• _Input_
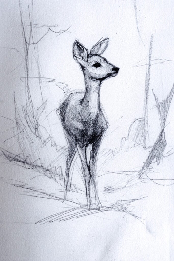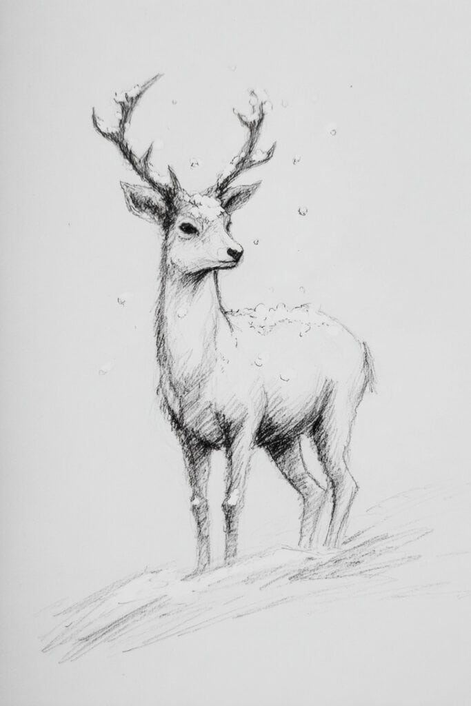 Before we jump into the sketch ideas, here’s a quick reminder: winter animals are the perfect practice subjects because they naturally invite flowing strokes (fur, feathers, snow) and soft shading. This makes them ideal for learning texture, value, and atmosphere—three core skills that will help you grow as an artist.
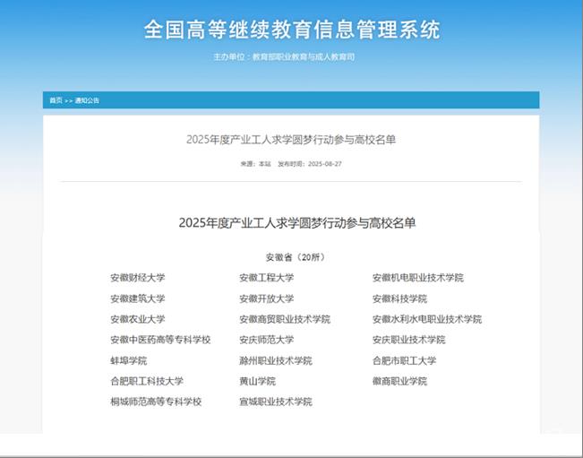 近日,教育部公布了2025年度產業工人求學圓夢行動參與高校名單,全國共遴選289家高校,安徽省共20所本專科院校成功入選,我校申報的桐城國軒新能源技術有限公司產業工人學曆繼續教育項目成功入選教育部2025年度產業工人求學圓夢行動參與高校名單,成為助力產業工人學曆與能力提升的重要力量,也體現了我校在國家政策引領下,推進產業工人隊伍建設的強擔當和硬實力。
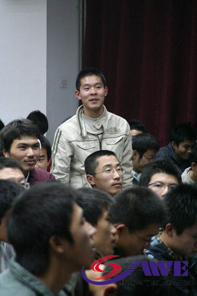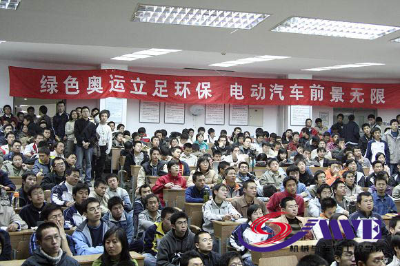孙校长讲座的气氛十分活跃,在场的同学和老师也都聆听的格外认真,有时孙教授的一句风趣的话语,就能博得在场观众阵阵掌声……座位坐不下了,大家就站在过道里面听,虽然腿站酸了,脚站麻了,但是同学们对于电动汽车有着浓厚的兴趣,对于2008年的奥运会有着火一般的热情!
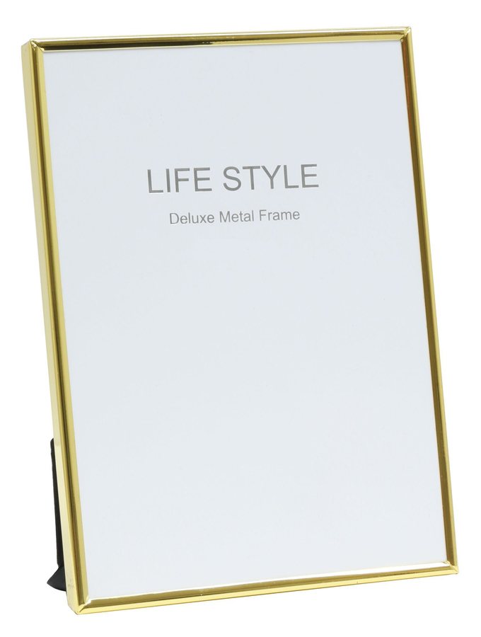 Ce cadre photo en métal couleur doré donnera à vos photos l’encadrement qu’elles méritent. Cette moulure fine est disponible pour plusieurs formats photo et est prévue d’un verre normal de qualité et d’un dos en velours noir avec pied à poser.
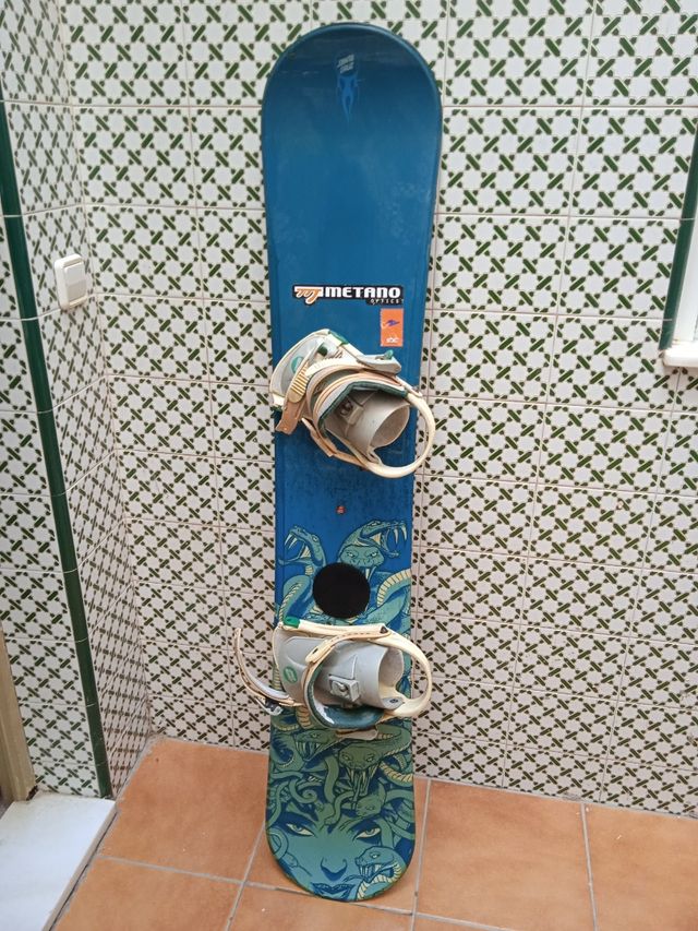 Detalles del productoTabla Santa Cruz 148 cm. La he usado bastante y tiene un roto, que no afecta para usarla. Las fijaciones tienen las cinchas rotas. Es una tabla para aprender. Por lo que cuesta un alquiler un par de dias, te llevas la tabla.
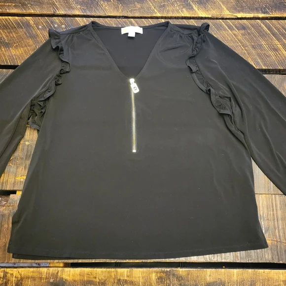 Womans Michael Kors shirt size xlarge Elegant black top with stylish ruffle sleeves and a chic zipper detail. Perfect for any occasion. Gold zipper part way down. worn once. perfect condition
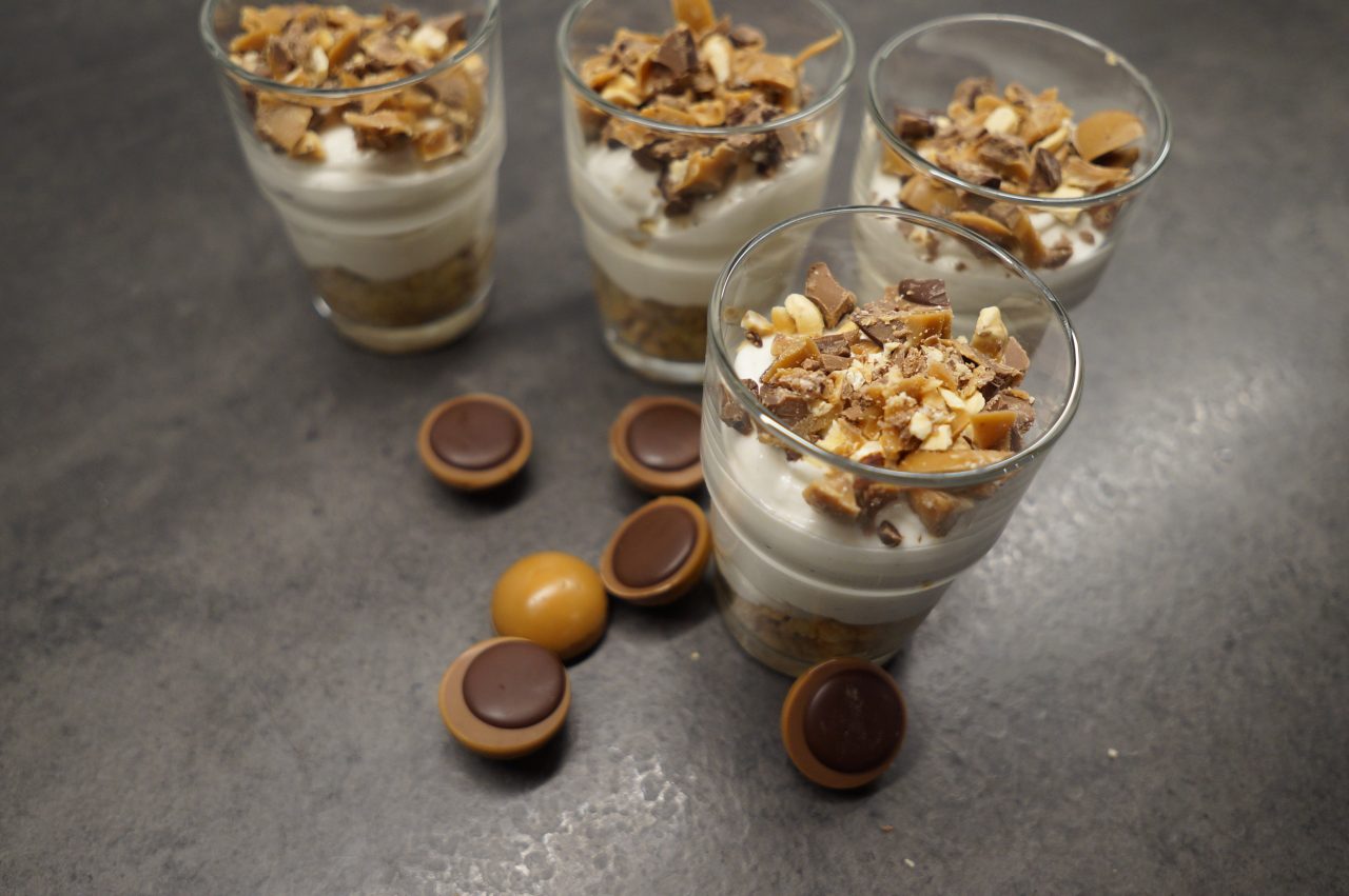 - Als letztes werden die klein gehackten Toffifees oben drüber gegeben. Wer möchte kann jetzt noch ein wenig Minze oder andere Schokolade zur weiteren Dekoration verwenden.

• _Problem to work on_
Word for word, copy out each record; do not include pictures.

• _Problem solution_
 Before we jump into the sketch ideas, here’s a quick reminder: winter animals are the perfect practice subjects because they naturally invite flowing strokes (fur, feathers, snow) and soft shading. This makes them ideal for learning texture, value, and atmosphere—three core skills that will help you grow as an artist.
 近日,教育部公布了2025年度產業工人求學圓夢行動參與高校名單,全國共遴選289家高校,安徽省共20所本專科院校成功入選,我校申報的桐城國軒新能源技術有限公司產業工人學曆繼續教育項目成功入選教育部2025年度產業工人求學圓夢行動參與高校名單,成為助力產業工人學曆與能力提升的重要力量,也體現了我校在國家政策引領下,推進產業工人隊伍建設的強擔當和硬實力。
孙校长讲座的气氛十分活跃,在场的同学和老师也都聆听的格外认真,有时孙教授的一句风趣的话语,就能博得在场观众阵阵掌声……座位坐不下了,大家就站在过道里面听,虽然腿站酸了,脚站麻了,但是同学们对于电动汽车有着浓厚的兴趣,对于2008年的奥运会有着火一般的热情!
 Ce cadre photo en métal couleur doré donnera à vos photos l’encadrement qu’elles méritent. Cette moulure fine est disponible pour plusieurs formats photo et est prévue d’un verre normal de qualité et d’un dos en velours noir avec pied à poser.
 Detalles del productoTabla Santa Cruz 148 cm. La he usado bastante y tiene un roto, que no afecta para usarla. Las fijaciones tienen las cinchas rotas. Es una tabla para aprender. Por lo que cuesta un alquiler un par de dias, te llevas la tabla.
 Womans Michael Kors shirt size xlarge Elegant black top with stylish ruffle sleeves and a chic zipper detail. Perfect for any occasion. Gold zipper part way down. worn once. perfect condition
 - Als letztes werden die klein gehackten Toffifees oben drüber gegeben. Wer möchte kann jetzt noch ein wenig Minze oder andere Schokolade zur weiteren Dekoration verwenden.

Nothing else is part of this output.